WORK ORDER
Exclude the pictures, then restate exactly each line of the data below from the first through the line containing "Современное красное офисное".

COLLECTED MATERIAL
• • • • •

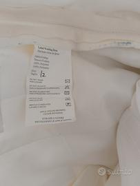 Abito da sposa Venus con strascico, taglia 42, completo di velo lungo. Scollo a cuore con bustino impreziosito con strass. Sul retro sono stati applicati dei bottoncini in raso rossi che si possono togliere. L'abito, dopo l'utilizzo è stato lavato, stirato e riposto nel suo sacco contenitore.
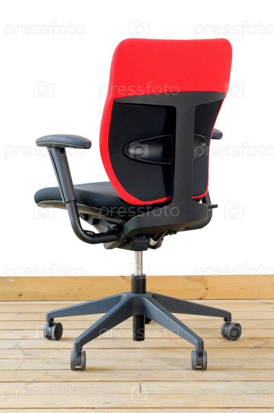 Современное красное офисное кресло на деревянном полу на белом фоне
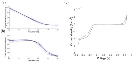 Electrochemical characterization of the stimulation electrodes array. (a) Electrochemical impedance spectroscopy (EIS) measurements as represented by the mean (black line) and the standard deviation (blue bar) of the (a) magnitude and the (b) phase angle of the impedance. The typical (c) cyclic voltammetry (CV).

• • • • •

EXERCISE OUTPUT
 Abito da sposa Venus con strascico, taglia 42, completo di velo lungo. Scollo a cuore con bustino impreziosito con strass. Sul retro sono stati applicati dei bottoncini in raso rossi che si possono togliere. L'abito, dopo l'utilizzo è stato lavato, stirato e riposto nel suo sacco contenitore.
 Современное красное офисное кресло на деревянном полу на белом фоне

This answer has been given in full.